Link Checker API: This API lets you check what target URL does a particular short URL resolve to. You might want to check whether a URL is legit before visiting it and this is an extremely useful capability.
Compute: We need Azure Function to create the short URL where we need to generate unique hash for the short URL and list URLs as we need to verify whether the original URL is still accessible. I have written a short python-based Azure Function to generate a hash, validate that it’s unique among the existing data. I have added the original URL and the object ID of the user (based on the value in JWT token) who created the short URL. Similarly, another Azure Function is used to get the list of short URLs created by specific user and validate whether that URL is still accessible to detect broken links. These two functions are deployed in a single Function App.
Update: Based on the valuable feedback from my colleague Darko Todoroski. I have updated the list URLs API to use an Azure Function and validate whether the original URL is accessible or broken. This will help us to identify the broken URLs and delete them.
This is how the management console looks like
Link Checker UI:
Code Example:
Example implementation of this solution is available in Serverless URL Shortener on Azure GitHub repository.

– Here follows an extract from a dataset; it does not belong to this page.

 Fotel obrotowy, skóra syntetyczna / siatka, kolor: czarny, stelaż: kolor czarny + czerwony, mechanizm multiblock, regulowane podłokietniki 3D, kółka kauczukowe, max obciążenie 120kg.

This repository contains the following:
- Single Page Application (SPA) [HTML/JavaScript]
- Azure Function code to create the short URL [Python]
- Deployment script which enables you to deploy the complete solution [Python]

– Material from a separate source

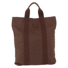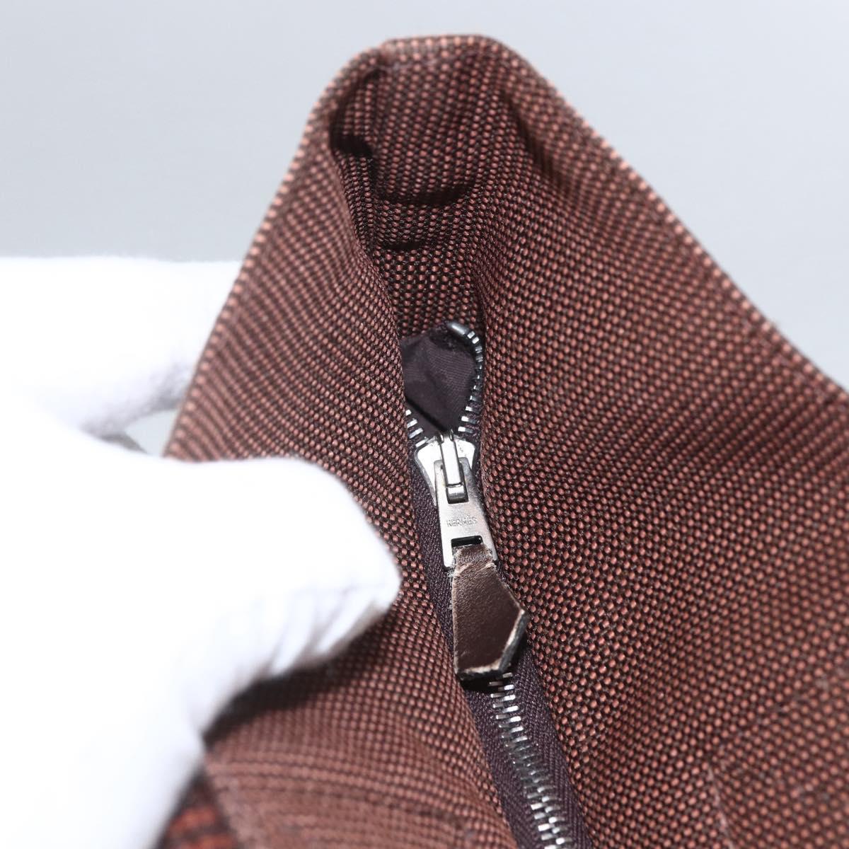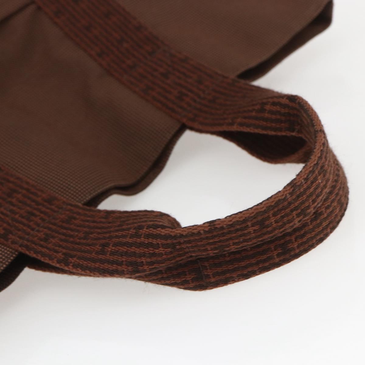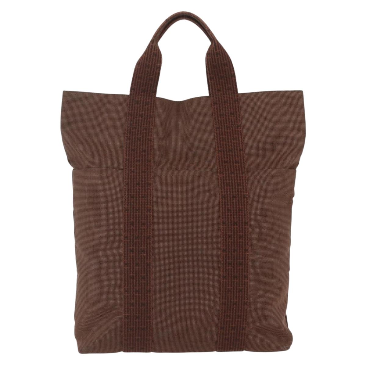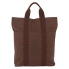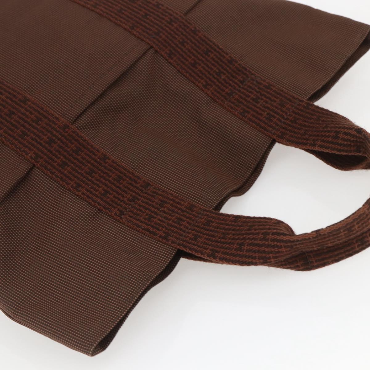 HERMES Her Line Cabas Tote Bag Canvas Brown Silver Auth 165552

- Example configuration file used by the deployment script [YAML]
- Bicep template to create the required infrastructure [Bicep]
Here is a quick summary of forecasted cost per month in Azure West Europe (Amsterdam) region.
Service | Price Dimension (per month) | Cost |
---|---|---|
Storage Account | Blobs (1GB) | 0.32 |
Static Web Apps | Free | 0 |
API Management | 1MM requests | 0 |
Function | 100K Executions | 0 |
CosmosDB | 1MM requests & 1GB storage | 0.31 |
Azure Front Door | Premium 5GB data transfer | 35** |
Application Insights | Ingestion & Storage | 3.0 |
Total | 38.63 |
** Initial design used Azure Front Door Premium, whereas while using Azure Static Web Apps we don’t need Premium subscription hence using Standard. I could have used only Static Web Apps (like this solution) with Functions as API backend. But I decided to use API Management as it has robust capabilities and just to perform the URL redirect using Functions is not cost effective. With Front Door it caches most of the requests hence offers better performance and reduced cost when we scale.